Natural products have long been a cornerstone of drug discovery and development, offering an unparalleled diversity of chemical structures and biological activities. From traditional herbal remedies to modern pharmaceuticals, natural products have played a critical role in addressing human health challenges [1]. Iconic examples include paclitaxel (Taxol), a widely used chemotherapy agent derived from the Pacific yew tree, and digoxin, a cardiac glycoside sourced from the foxglove plant. These compounds underscore the immense therapeutic potential of natural products in treating diseases. Over the years, advancements in extraction techniques, synthetic chemistry, and biotechnological methods have expanded the scope of natural products research, allowing scientists to modify existing compounds and create derivatives with improved efficacy, safety, and pharmacokinetic profiles [2,3]. Structural modifications based on natural product scaffolds can lead to novel bioactive compounds, offering a rational approach to expanding chemical space and identifying new drug candidates. However, despite these technological advancements, the process of discovering and optimizing new drug candidates remains a formidable challenge.

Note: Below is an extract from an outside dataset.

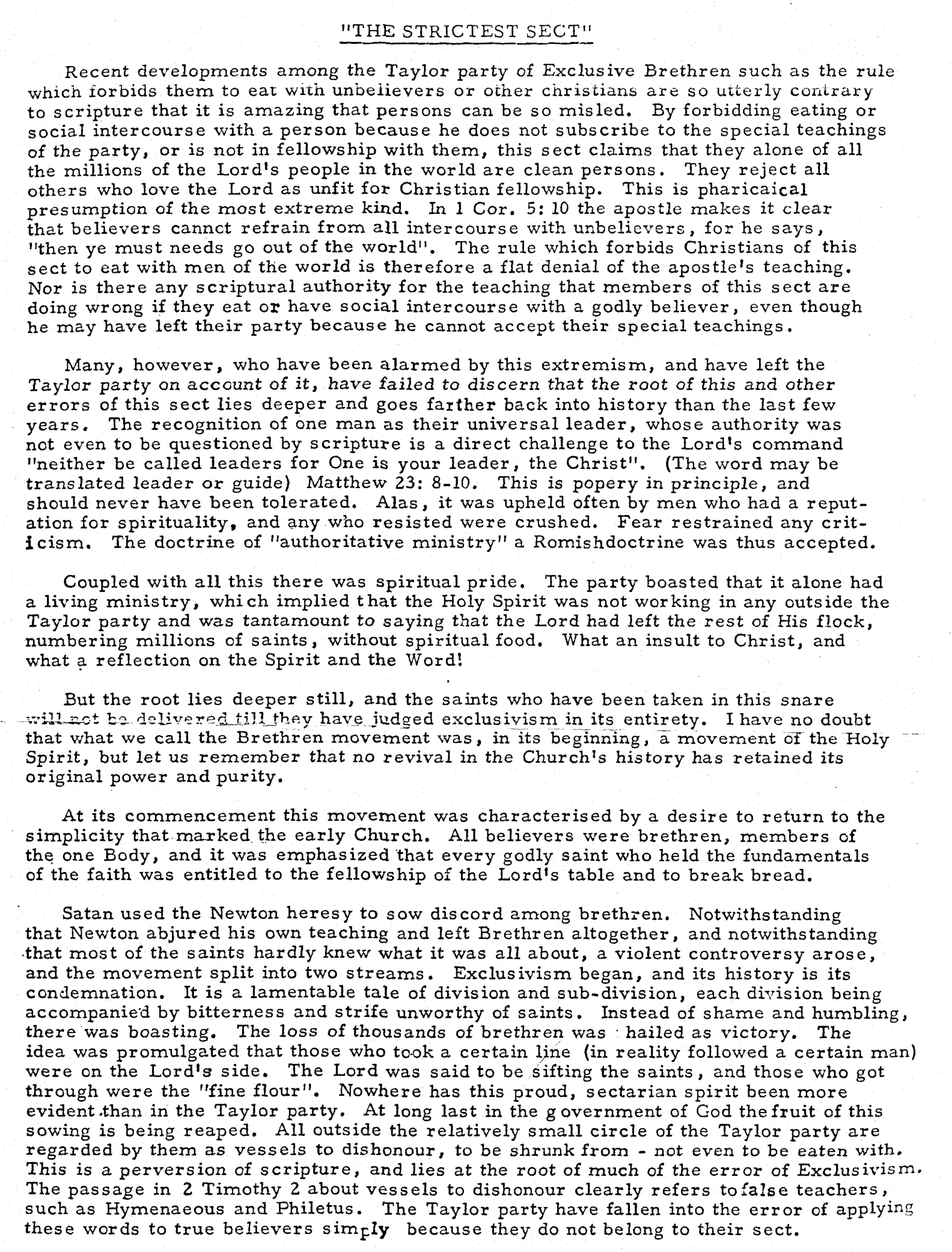 "But the root lies deeper still, and the saints who have been taken in this snare will not be delivered tlill they have judged exclusivism in its entirety. I have no doubt that what we call the Brethren movement was, in its beginning, a movement of the Holy Spirit, but let us remember .. "

Databases of natural products and their derivatives, such as SuperNatural [4], NPAtlas [5], and COCONUT [6], have provided the research community with molecular structures for drug screening. They are constructed by aggregating data from various sources, including experimental studies, literature reviews, and cheminformatics pipelines. Despite their comprehensive construction and utility, these databases are inherently limited to already-cataloged molecules. They reflect the extent of current knowledge and do not address the need for generating novel chemical entities.

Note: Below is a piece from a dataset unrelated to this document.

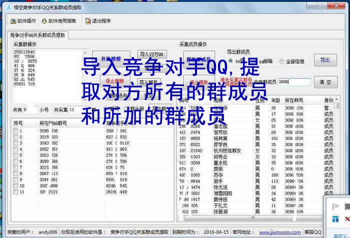 悟空竞争对手QQ群关系软件是一款专门抢竞争对手客户的软件,软件支持批量导入QQ号,批量提取对方的群和所加入群里的群成员,一天可收集同行业几百万数据,做网络营销需要的是精准数据库为前提,如没有数据库,那你营销谁,卖给谁,另外你今天卖了,过几天还可以接着卖,只要用户有需求!

Recently, computer-aided drug design has become a crucial component of modern drug discovery efforts, particularly in the development of bioactive compounds [7,8]. Notably, de novo drug design, including molecular generation, has gained significant attention for its ability to accelerate the discovery and optimization of novel ligands with desirable therapeutic properties [9,10]. Various machine learning frameworks and models have exhibited promising and efficient performances in drug-like molecule generation [11]. For example, sequence-based recurrent neural networks (RNNs) utilize sequential learning to generate molecular structures in the form of SMILES representations by grasping the patterns from existing molecules [12,13,14,15,16]. Variational autoencoders (VAEs) encode molecules into a continuous latent space, facilitating the smooth interpolation and modification of chemical structures [17,18,19,20,21]. Generative adversarial networks (GANs) employ a generator–discriminator framework to produce novel molecular structures that resemble real compounds [22,23,24,25,26]. Large language models (LLMs) utilize natural language processing capabilities to design and generate molecular structures based on textual prompts [27,28,29]. While these generative approaches have proven to be powerful tools for creating novel molecular structures, they are not specifically designed to produce derivatives of natural products. Furthermore, they typically operate without an explicit consideration of the biochemical transformation rules and reaction mechanisms that underlie the natural derivation of compounds, limiting their applicability in generating bioactive derivatives with realistic modifications.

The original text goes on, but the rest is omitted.